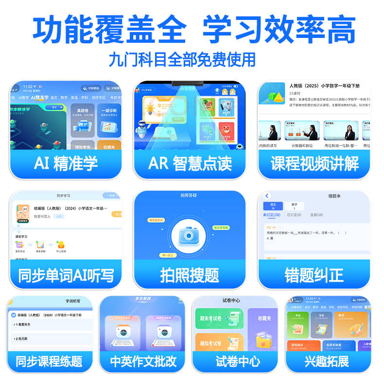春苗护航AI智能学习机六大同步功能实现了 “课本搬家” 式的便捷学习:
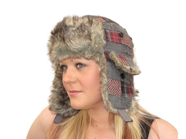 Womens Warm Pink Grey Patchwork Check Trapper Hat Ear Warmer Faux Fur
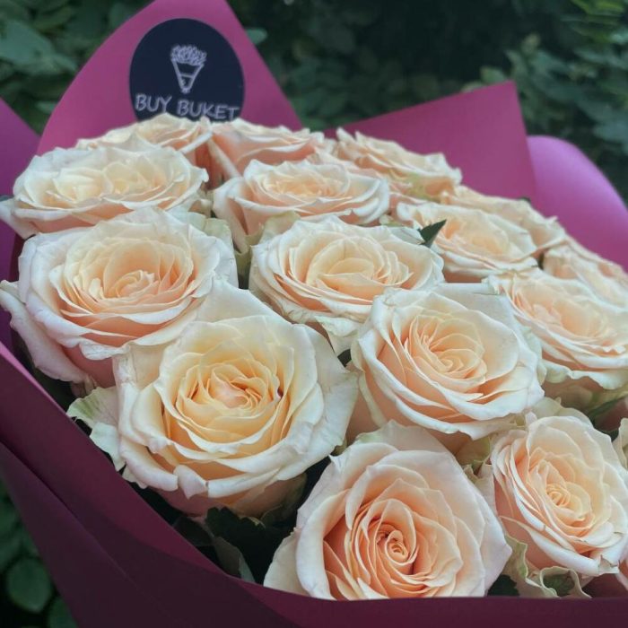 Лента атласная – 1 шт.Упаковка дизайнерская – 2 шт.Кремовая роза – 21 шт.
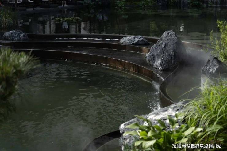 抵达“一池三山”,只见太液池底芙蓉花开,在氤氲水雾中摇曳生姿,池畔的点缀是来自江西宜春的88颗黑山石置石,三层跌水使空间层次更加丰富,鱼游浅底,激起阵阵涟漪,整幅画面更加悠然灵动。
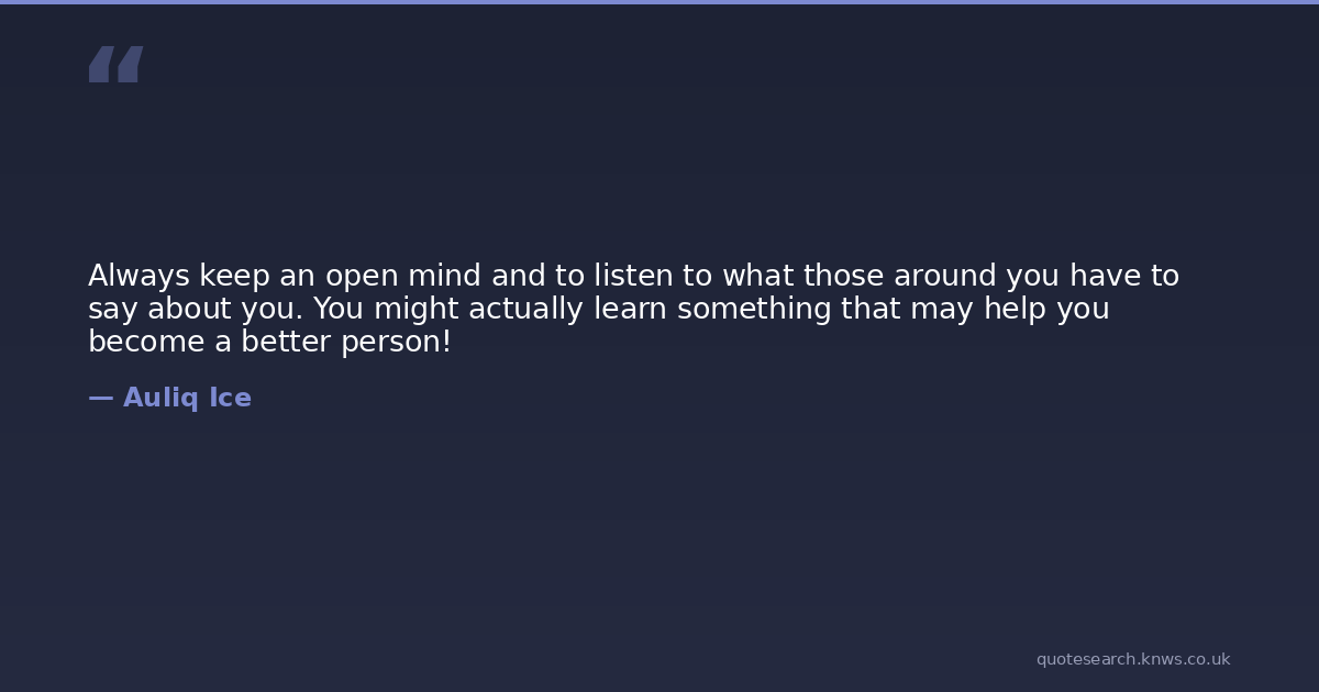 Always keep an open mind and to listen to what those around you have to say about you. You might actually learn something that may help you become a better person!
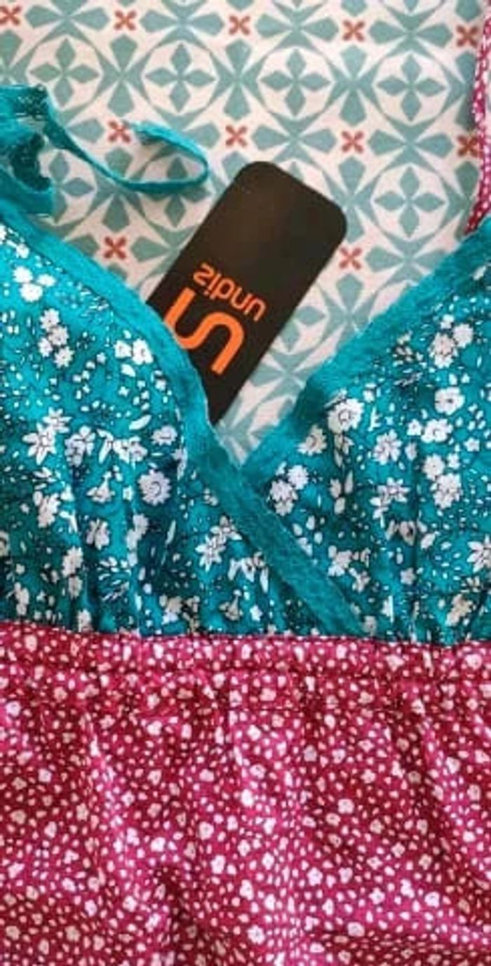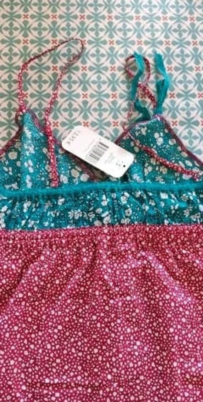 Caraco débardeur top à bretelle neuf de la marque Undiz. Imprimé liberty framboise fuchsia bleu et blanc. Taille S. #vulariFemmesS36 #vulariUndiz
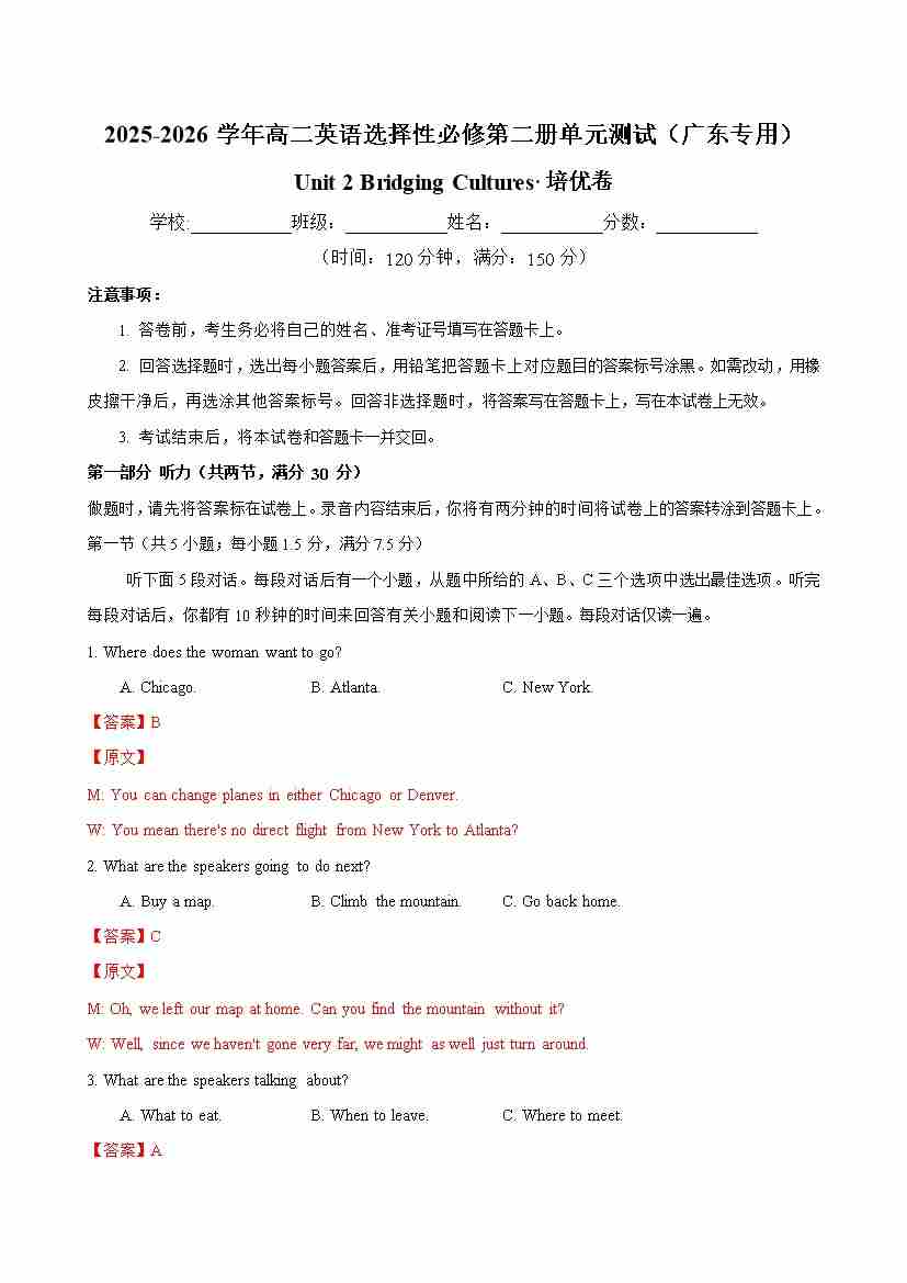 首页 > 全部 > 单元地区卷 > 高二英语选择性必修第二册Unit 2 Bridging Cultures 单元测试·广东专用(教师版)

● ● ● ● ●

Required action: Omit the pictures, then print the rest of the listing above exactly.

Result:
春苗护航AI智能学习机六大同步功能实现了 “课本搬家” 式的便捷学习:
 Womens Warm Pink Grey Patchwork Check Trapper Hat Ear Warmer Faux Fur
 Лента атласная – 1 шт.Упаковка дизайнерская – 2 шт.Кремовая роза – 21 шт.
 抵达“一池三山”,只见太液池底芙蓉花开,在氤氲水雾中摇曳生姿,池畔的点缀是来自江西宜春的88颗黑山石置石,三层跌水使空间层次更加丰富,鱼游浅底,激起阵阵涟漪,整幅画面更加悠然灵动。
 Always keep an open mind and to listen to what those around you have to say about you. You might actually learn something that may help you become a better person!
 Caraco débardeur top à bretelle neuf de la marque Undiz. Imprimé liberty framboise fuchsia bleu et blanc. Taille S. #vulariFemmesS36 #vulariUndiz
 首页 > 全部 > 单元地区卷 > 高二英语选择性必修第二册Unit 2 Bridging Cultures 单元测试·广东专用(教师版)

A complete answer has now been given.